Case ID: ri_84/html/0467-01.html
Source: Caselaw Access Project
Author: {"author": "\n      Andrews, J.", "license": "Public Domain", "url": "https://static.case.law/"}
Date Created: 2024-08-24T03:29:51.129683

Jan Skutnik et al. vs. Rosella L. Monroe.
    AUGUST 16, 1956.
    Present: Flynn, C.J., Condon, Roberts, Andrews and Paolino, JJ.
   Andrews, J.

This bill in equity was brought by the owners of certain real estate on Broad street in Valley Falls in the town of Cumberland to restrain permanently the owner of adjoining real estate from trespassing upon land over which the respondent claims an easement. After a hearing-in the superior court on bill, answer and proof a decree was entered denying and dismissing the bill of complaint. From that decree complainants have appealed to this court.
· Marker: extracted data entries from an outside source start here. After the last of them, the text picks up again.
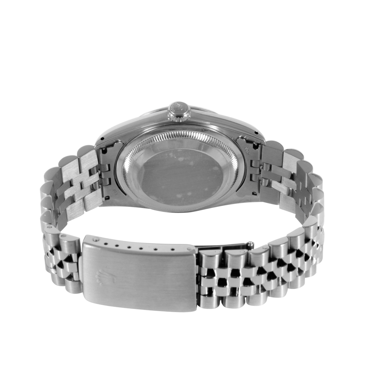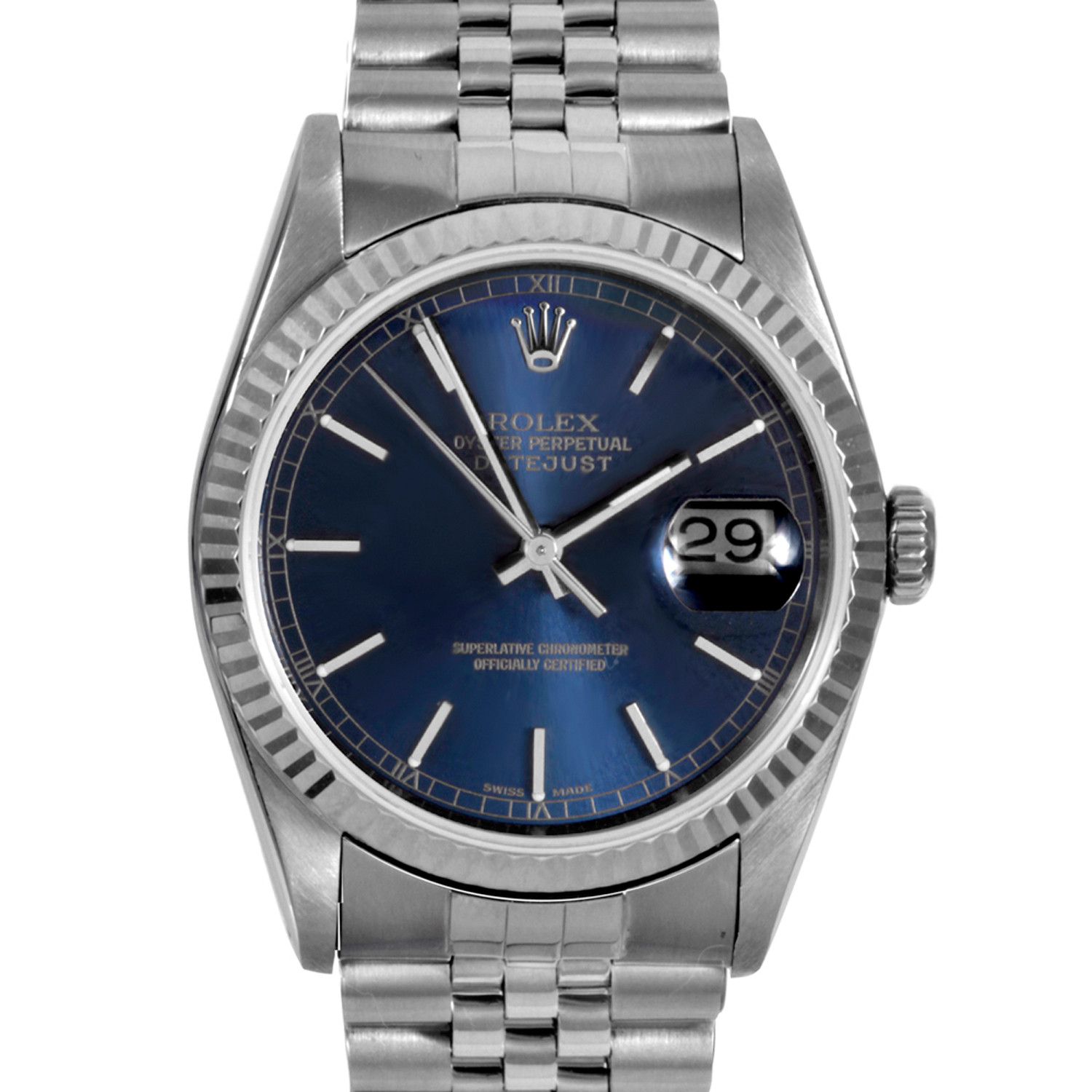Rolex's Oyster Perpetual Datejust watches are handsome, classic luxury timepieces. This stainless steel model features a sleek navy blue dial with bold markers and refined roman numerals. Rolex's horological legacy means that this watch is expertly made, from the hermetically sealed, waterproof Oyster case to its scratch-resistant sapphire Cyclops lens. This watch is a classic you'll cherish for years to come.
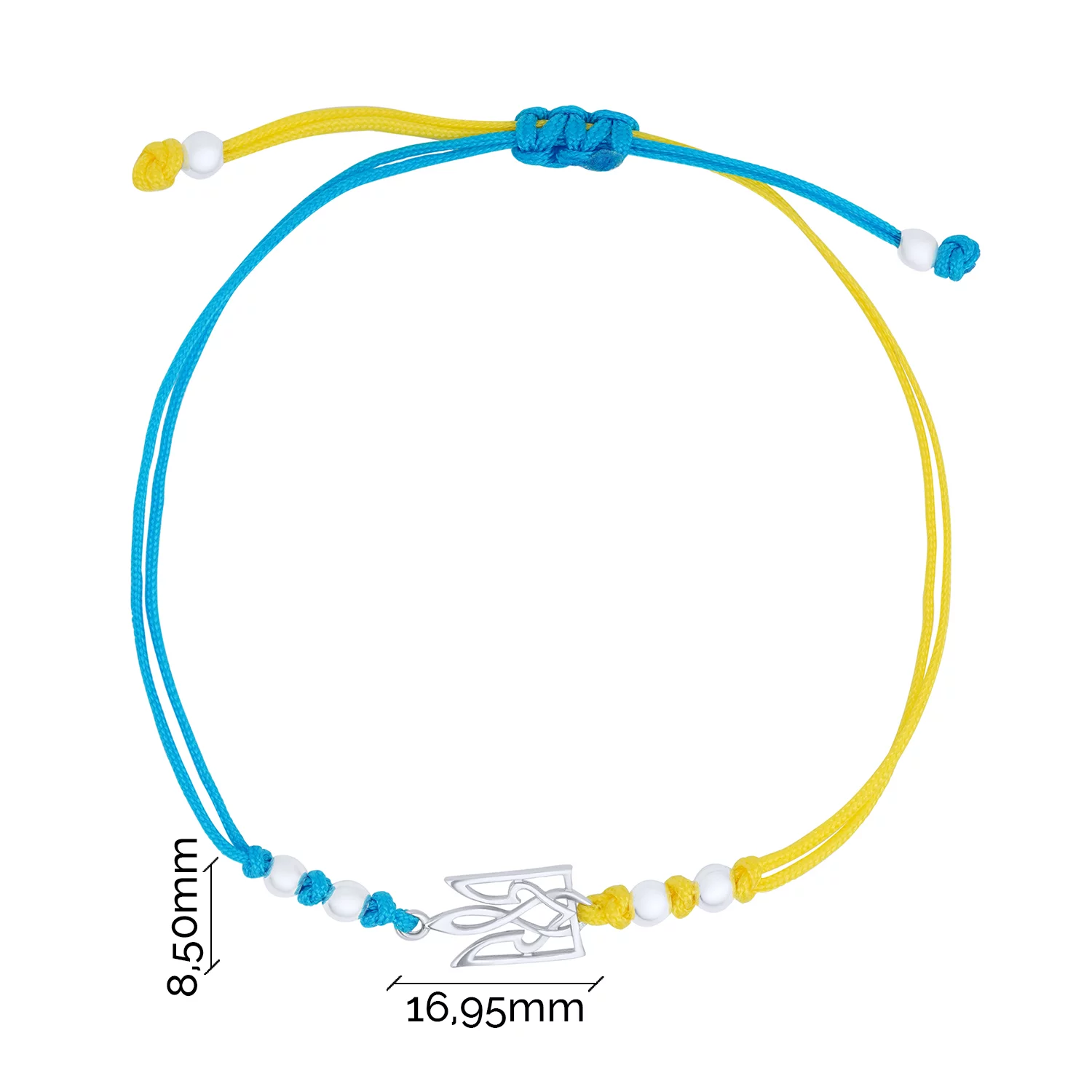 Шелковый браслет со вставкой "Тризуб - Герб Украины" из серебра - 1760273
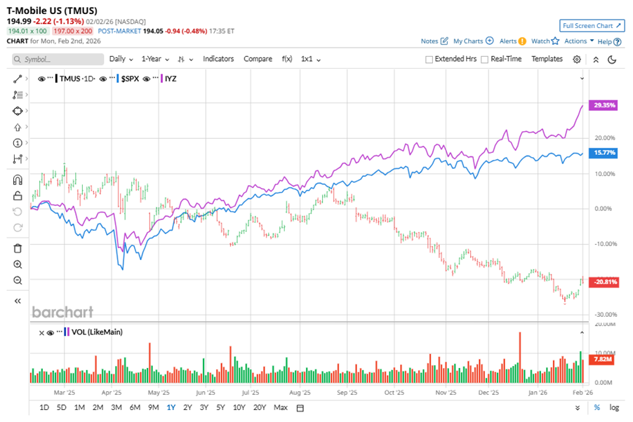 Shares of this leading telco operator have underperformed the broader market over the past year. TMUS has declined 16.3% over this time frame, while the broader S&P 500 Index ($SPX) has rallied nearly 15.5%. In 2026, TMUS stock is down 4%, compared to the SPX’s 1.9% rise on a YTD basis.
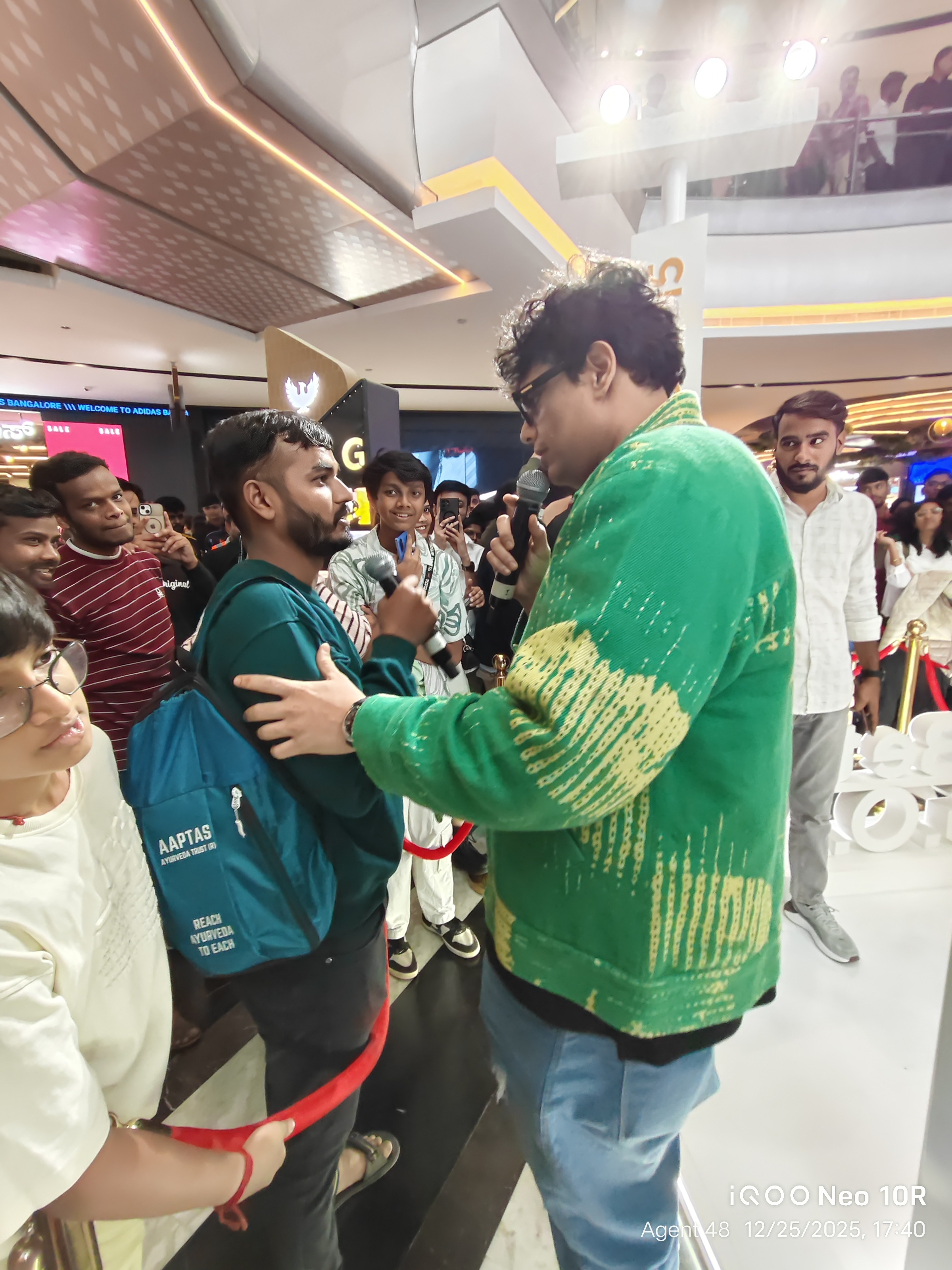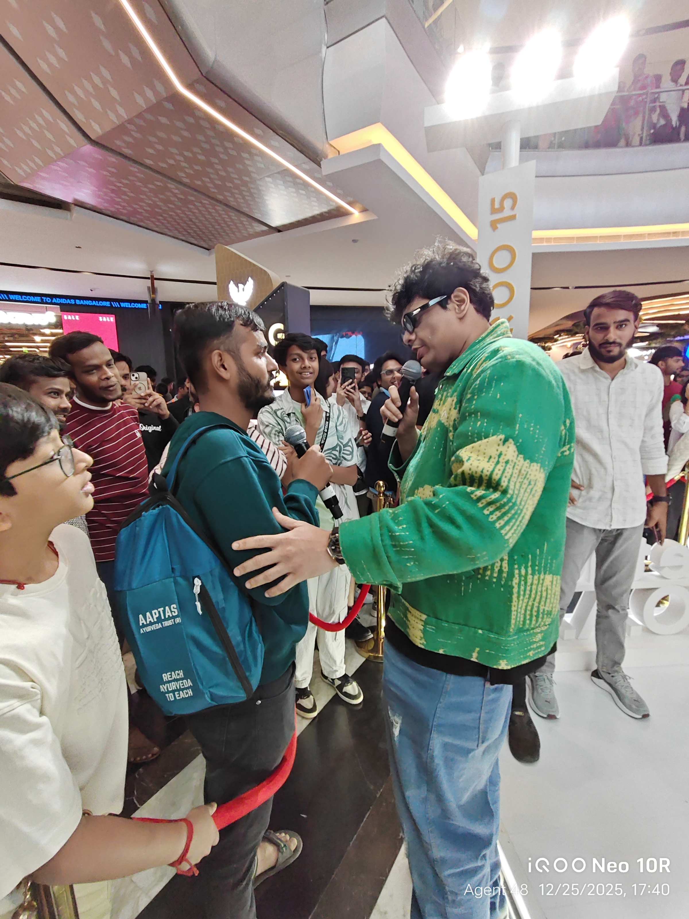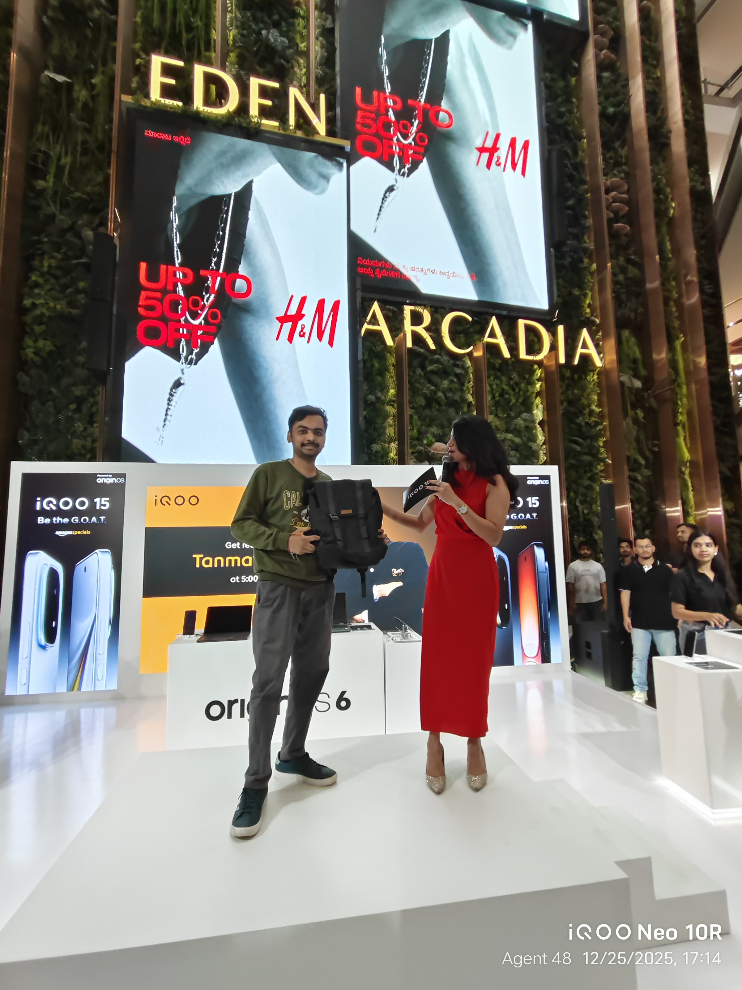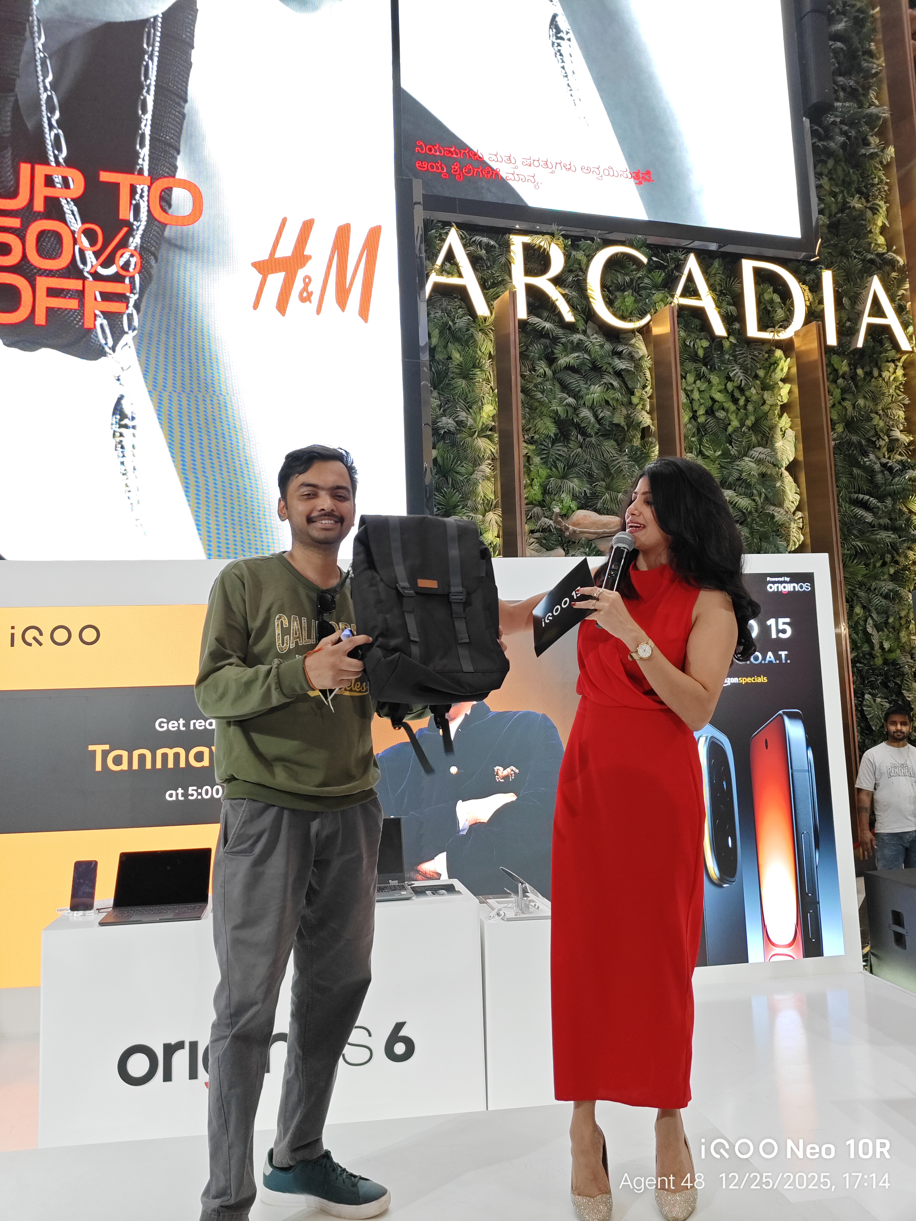 To summarize, the host asked a few questions, and the winners received Qool Iqoo bags. Mr. Tanmay then requested a few audiences to call someone and complete a specific activity, after which the winners received Qool Iqoo bags.
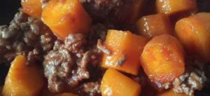 Dans la cuve du Cookéo, faire revenir l’oignon émincé et la viande en mode dorer. Ajouter les carottes coupées en rondelles.
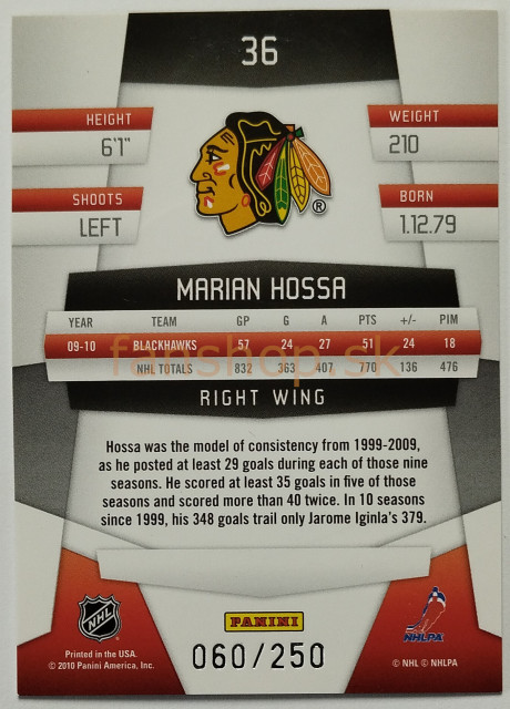 2010-11 Panini Certified Platinum Blue #36 Marián Hossa SN 060/250
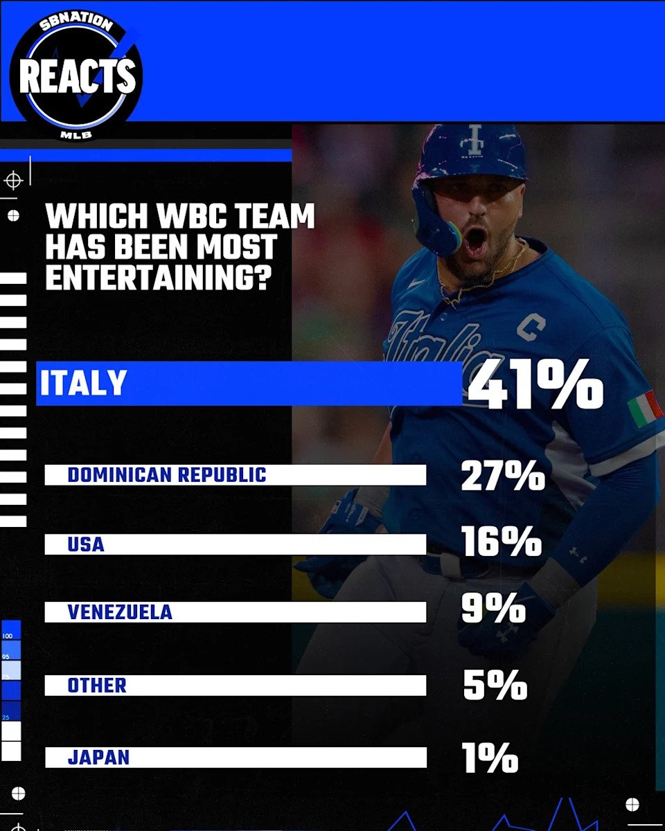 All of the first three answers were good things about the WBC. Certainly, high-intensity baseball, the choice of the plurality, was a good thing. But I liked the player energy and celebrations and that was my choice. That’s the sort of thing we don’t often see in MLB, and I really liked seeing players from countries like Venezuela, the Dominican Republic and others really seem to be having fun. Even the Italian-Americans representing Italy made the WBC a happy place with their espresso machine celebration. Speaking of which…

A common ancestor in title of this land created by grant, for the benefit of the respondent’s land, a nine-foot easement of passage on and over complainants’ land next to the boundary between the two properties. It is not disputed that the conveyance to complainants was made subject to this easement.

The respondent had never used this easement but gave complainants notice of her intention to do so and this bill was brought to settle the rights of the parties. The complainants admitted that an easement created by grant is not lost by mere nonuser. They claim, however, that this easement was abandoned by .respondent and also that they have shown adverse user for more than ten years. The trial justice decided against complainants and stated in his re-script: “There is no evidence before the Court that the respondent or any ancestor in title, by word or act, showed any intention to voluntarily abandon or release the right to use the driveway southerly of respondent’s land.”

We are in agreement with this statement and in our opinion the decision is without error. The complainants first contend that the trial justice failed to consider the fact that respondent had erected an outdoor fireplace next to the boundary between the two properties, but it is clear from the evidence that this was on respondent’s own land and not on the nine-foot strip. Consequently it would not interfere with the use of the right of way and in our judgment this fact is no evidence of abandonment. The complainants further claim that there is now a chain link fence between the properties; that it was there before they bought their land in 1927; and that they have set out flowers and shrubs along that fence on their side. However, complainant Jan Skutnik admitted that the shrubbery and plants would not prevent the passage of an automobile along the nine-foot strip in dispute.

Philip M. Hak, for complainants.

Ambrose V. Aylward, for respondent.

Moreover it is significant that complainants built and still maintain a fence along their property on the street side with gates at the street end of this nine-foot strip, where there is also a driveway break in the pavement and where the sidewalk is graded down to the street. The complainant Jan Skutnik admitted that these gates were wide enough to accommodate an automobile. This is strong evidence of the recognition by complainants of the right of way over their land and it controverts their claim of adverse user.

The complainants’ appeal is denied and dismissed, the decree appealed from is affirmed, and the cause is remanded to the superior court for further proceedings.